Застолье - с десяток человек: колхозное начальство, какие-то нужные райкомовцы, три начальника буровых. Шеф знает, кого позвать, с кем как обойтись, чем закрепить дружбу. Меня он посадил возле себя по правую руку: пусть видят, что я его доверенное лицо, "alter ego" - другой он! Борис Аркадьевич, как и я, не пьет спиртного, и мы чокаемся налитой в наши стаканы водой. Причем он преискусно разыгрывает приподнятость, компанейское веселье, шутит, откровенничает.

Мы собрались по случаю сдачи-приемки мяса в колхозе, назначенном снабжать экспедицию. Владелец обширной избы на подклете - единственный не вступивший в колхоз хозяин в деревне. Экспедиция арендует у него дом - для проезжающих сотрудников, под склад, вот для таких оказий. Во двор его дома колхозники навели скота, и хозяин расторопно и со знанием дела распоряжается всей операцией. Телят, овец, бычков взвешивают, тут же режут, обдирают, разделывают туши. И выписывают квитанции. Выполнившие "добровольную" сдачу мяса государству бережно их складывают, прячут в карман и уходят, не позаботившись проверить сделанную запись: знают, тут все равно ничего не докажешь - всегда будет права сторона, за которой власть!

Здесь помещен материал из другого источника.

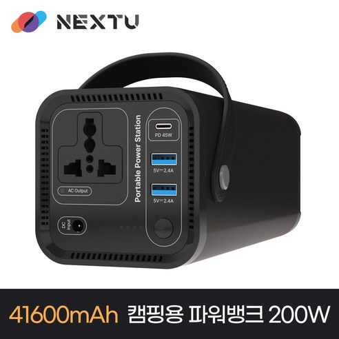 넥스트유 41600mAh 대용량 캠핑용 파워뱅크로, 다양한 기기 동시 충전이 가능하며 야외 활동에 최적화된 휴대형 배터리 장치입니다.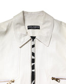 Dolce & Gabbana White Collared Full Zip Biker Coat Jacket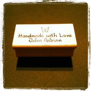 Handmade Stamp. I didn’t know you could do this. I have had rubber stamps made before for my notary license, but never thought to have one made for cardmaking. I was so tired of the cheesy “created by” stamp and then I had to hand write my name in the space. So, I had one made online. With shipping… it was $8.00. No kidding.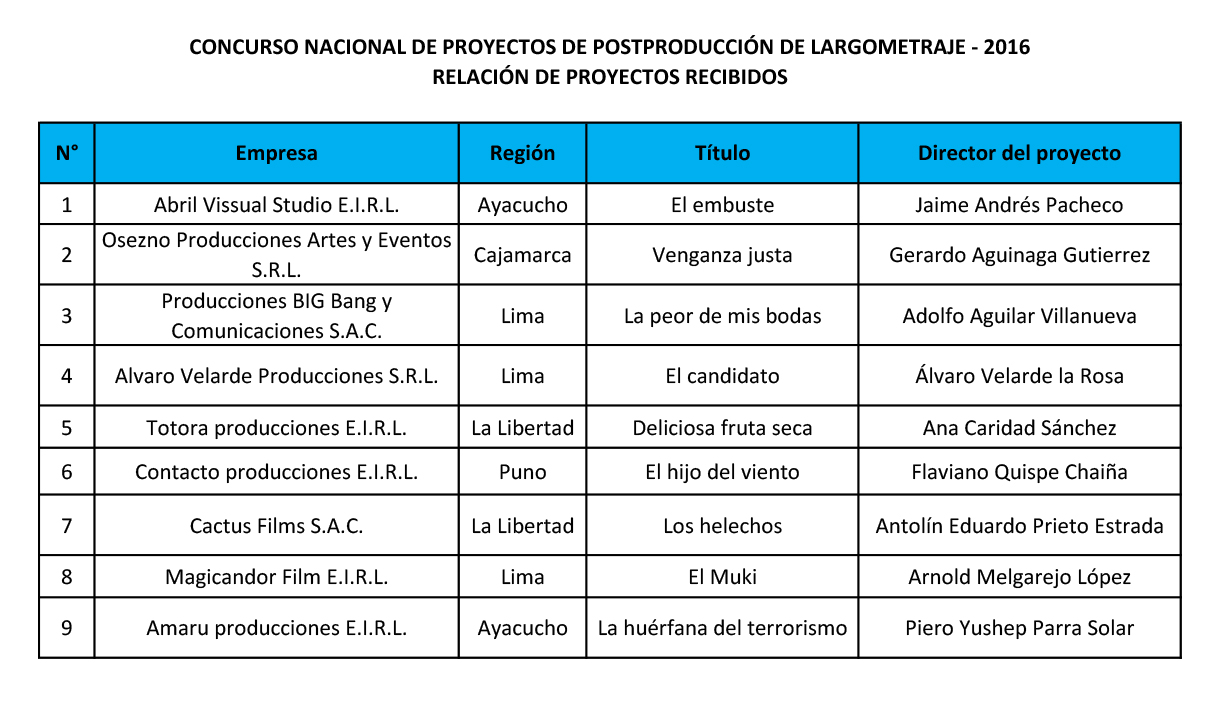 La Dirección del Audiovisual, la Fonografía y los Nuevos Medios publica la relación de proyectos recibidos al Concurso Nacional para la Formación Cinematográfica 2016.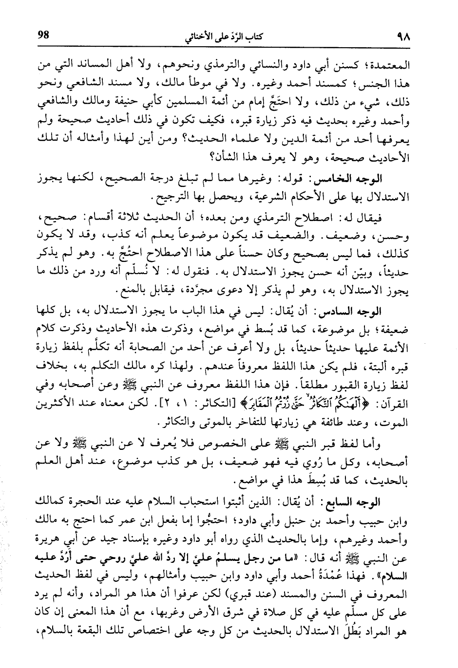 الوجه السابع: أن يقال: الذين أثبتوا استحباب السلام عليه عند الحجرة كمالك وابن حبيب وأحمد بن حنبل وأبي داود؛ احتجّوا إما بفعل ابن عمر كما احتج به مالك وأحمد وغيرهم، وإما بالحديث الذي رواه أبو داود وغيره بإسناد جيد عن أبي هريرة عن النبي صلى الله عليه وسلّم أنه قال: «ما من رجل يسلم عليّ إلا ردّ الله عليّ روحي حتى أردّ عليه السلام». فهذا عمدة أحمد وأبي داود وابن حبيب وأمثالهم، وليس في لفظ الحديث المعروف في السنن والمسند (عند قبري) لكن عرفوا أن هذا هو المراد، وأنه لم يرد على كل مسلّم عليه في كل صلاة في شرق الأرض وغربها، مع أن هذا المعنى إن كان هو المراد بطل الاستدلال بالحديث من كل وجه على اختصاص تلك البقعة بالسلام،
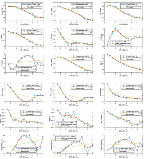 The least-squares method is a common method to deal with the curve-fitting problem, which is used in the regression of 41 electromagnetic parameters to achieve a pseudo static detection state. The results of linear fitting and quartic polynomial fitting are shown in Figure 9. The higher the Pearson’s correlation coefficient, the closer the result of the linear fitting is to the true distribution of electromagnetic characteristics. However, for the quartic polynomial fitting, it seems that it is not bound by Pearson’s correlation coefficient. In particular, when fitting moderate and low correlation characteristics (P5, P7, MR, DH25M, etc.), the results are closer to the real trend. Hence, the quartic polynomial fitting is emphasized in the lift-off regression.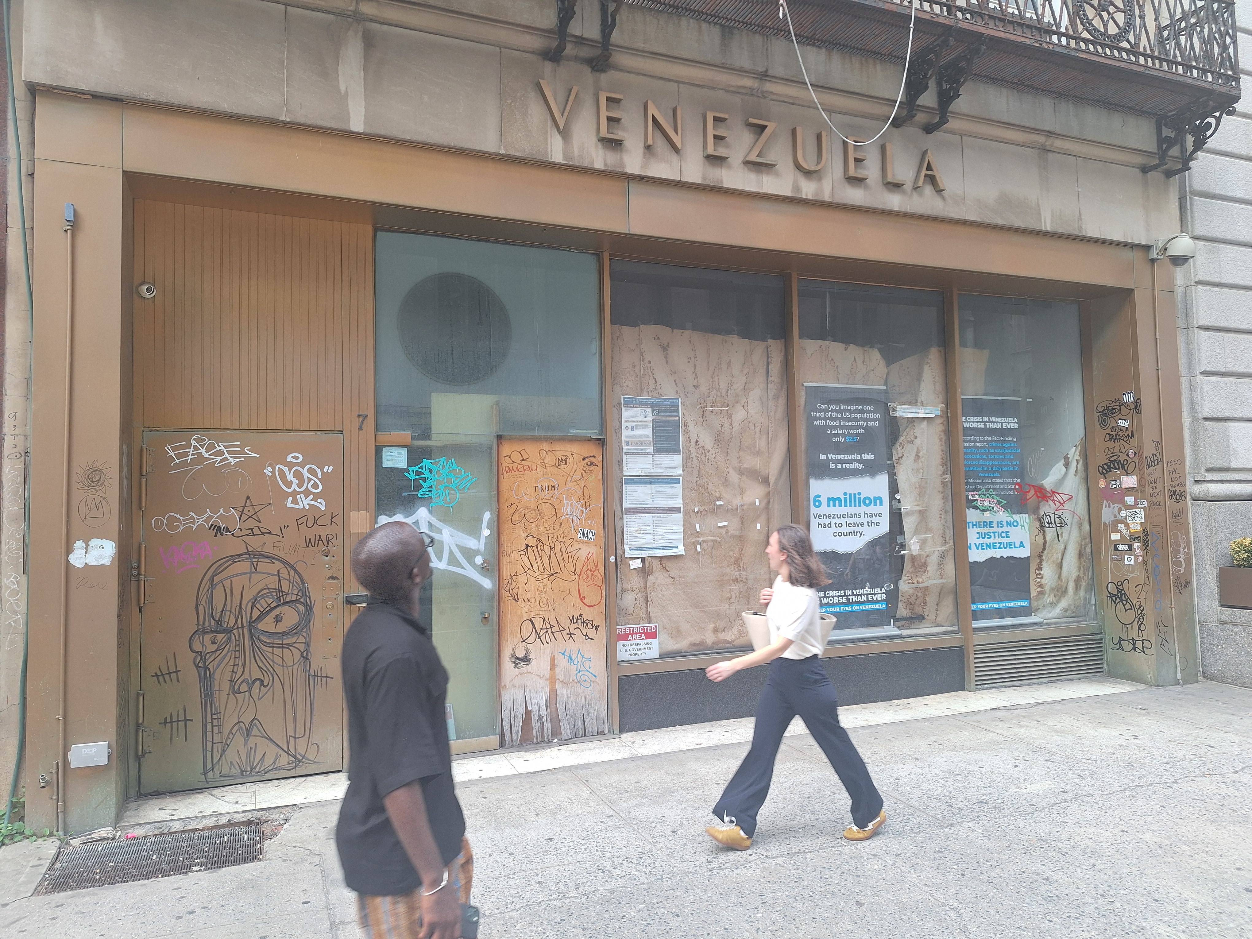 En Nueva York, la sede consular de Venezuela está ubicada en el 7 East de la calle 51 en Manhattan, al lado de la Catedral de San Patricio, en una de las zonas más exclusivas del mundo. El edificio en franco deterioro contrasta hoy con su entorno, donde predominan vitrinas de lujo y torres corporativas.

Этот последний единоличник деревни Антон - жилистый пожилой мужик с рыжеватыми, неседеющими волосами, реденькой бородкой и тусклым, ускользающим взглядом. Он говорит тихо, мало, распоряжается немногословно, приглядывает за всем незаметно, но все видит, и дело у него спорится. Успевает за взвешиванием проследить, проверить резаков: отнял у кого-то припрятанный за паауху кусок мяса. Заходит он и к нам наверх, в просторную горницу, распорядиться прислуживающими бабами, присесть к столу и медленно, со вкусом выцедить без передышки стакан самогону. Не закусив, снова отправляется вниз - к растущей груде туш, развешиваемым шкурам, к бабам, копошащимся у ведер с внутренностями. Случается, подходит к Борису Аркадьевичу, что-то на ухо ему скажет, дождется утвердительного знака и снова исчезнет.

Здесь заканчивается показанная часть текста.